[from Edward Field's After the Fall: poems old and new, University of Pittsburgh, 2007]
Giant Pacific Octopus
I live with a Giant Pacific Octopus:
he settles himself down beside me on the couch in the evening.
With two arms he holds a book
that he reads with his single eye:
he wears a pair of glasses over it for reading.
Two more arms go walking over to the sideboard across the room
where the crackers and cheese spread he loves are,
and they send back endless canapés, like a conveyor belt.
While his mouth is drooling and chomping,
another arm comes over and gropes me lightly:
it is like a breeze on my balls, that sweet tentacle.
Other arms start slipping around my body under my clothes,
they wiggle right in, one around my waist,
and all over, and down the crack of my ass.
I am drawn into his midst where his hot mouth waits for kisses,
and I kiss him and make him into a boy
as all Giant Pacific Octopuses are really
when you take them into your arms.
All their arms fluttering around you
become everywhere sensations of pleasure.

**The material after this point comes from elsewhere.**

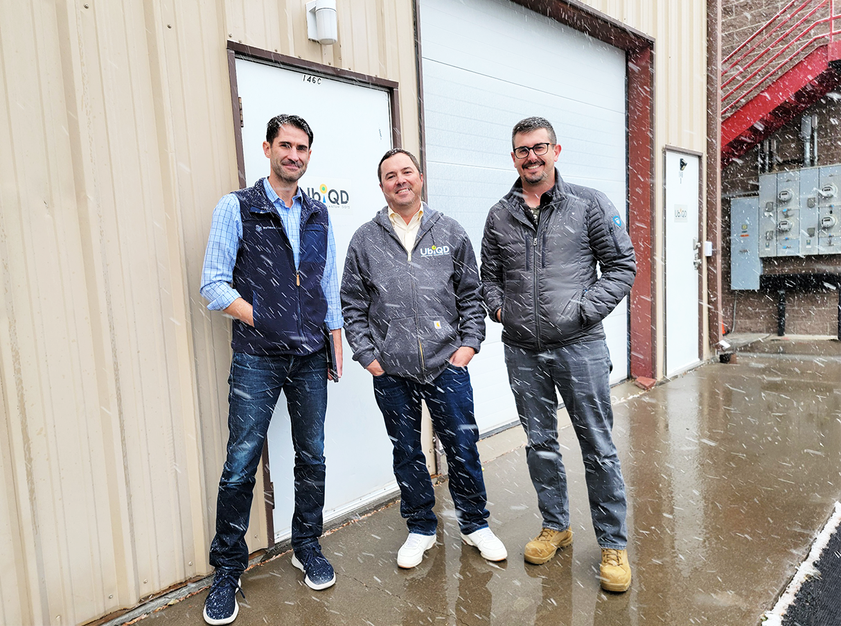 Enjoying the afternoon snowfall today in front of UbiQD at 134 Eastgate Dr., from left, Chief Financial Officer Tony Beams, CEO Hunter McDaniel and Chief Product Officer Matt Bergren. Photo by Carol A. Clark/ladailypost.com
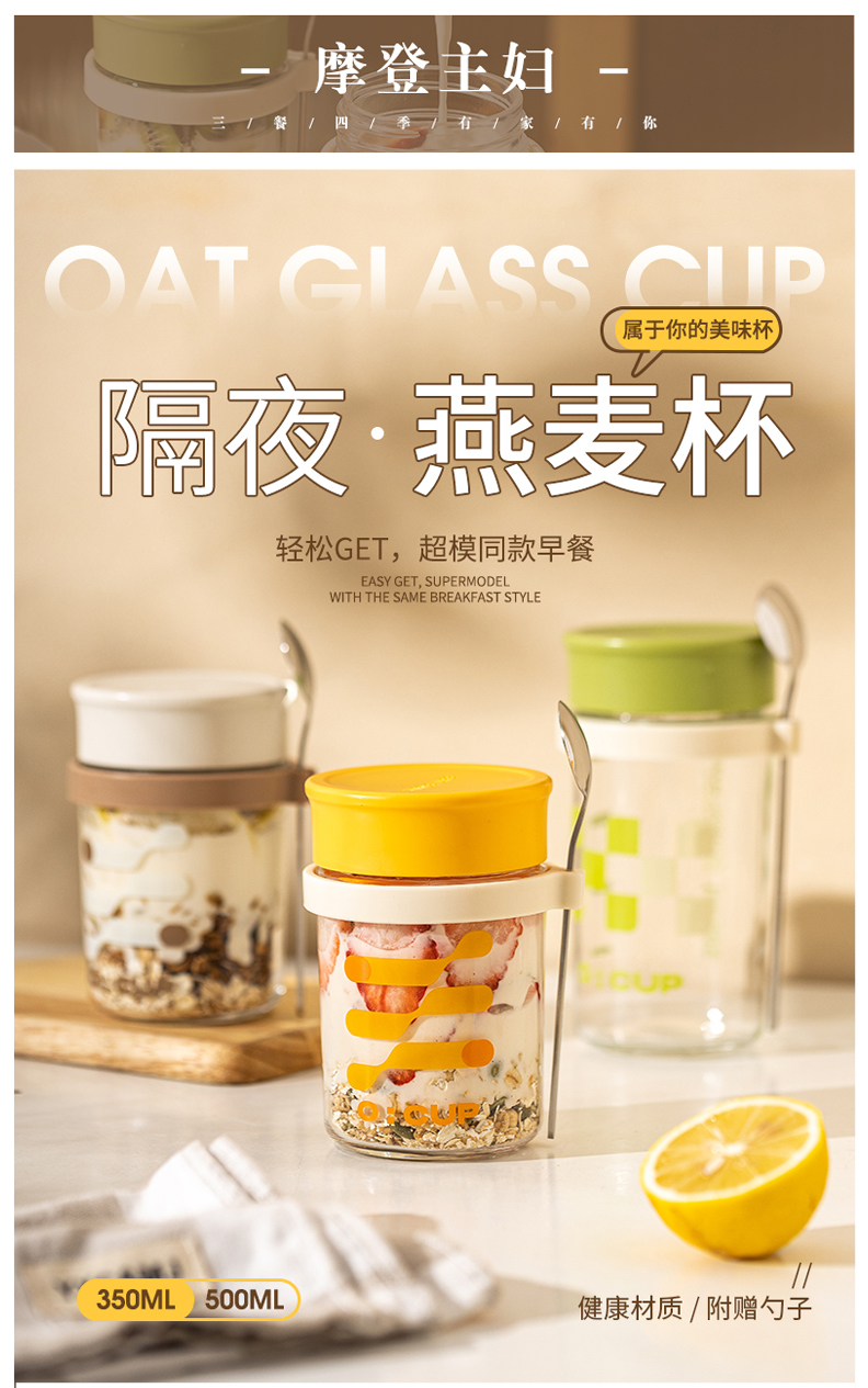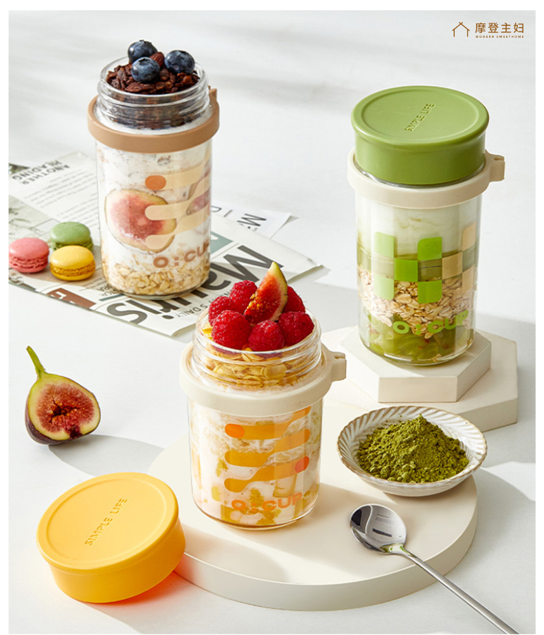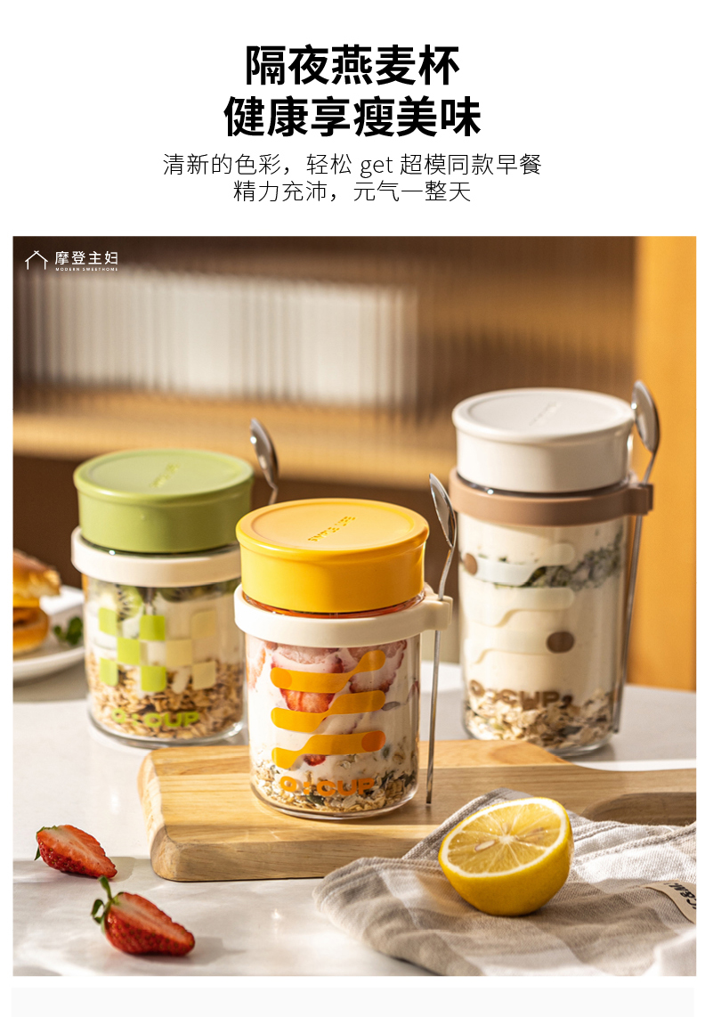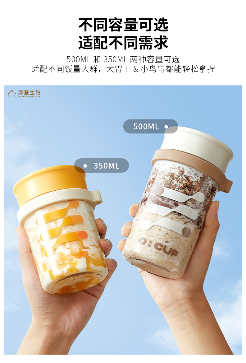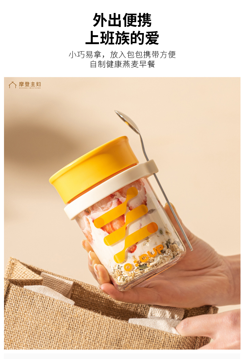 摩登主妇隔夜燕麦杯酸奶杯刻度牛奶杯豆浆杯外带奶昔杯便携早餐杯

So, his sweet eye looks at me and his little mouth kisses me
and I swear he has the body of a Greek god,
my Giant Pacific Octopus boychik.
So this was what was in store
when I first saw him in the aquarium
huddled miserably on the rock
ignoring the feast of live crabs
they put in his windowed swimming pool.
You take a creature like that, who needs love,
who is a mess when you meet
but who can open up like a flower with petal arms waving around --
a beauty --
and it is a total pleasure to have him around,
even collapsible as he is like a big toy,
for as long as he will stay, one night or a lifetime,
for as long as god will let you have him.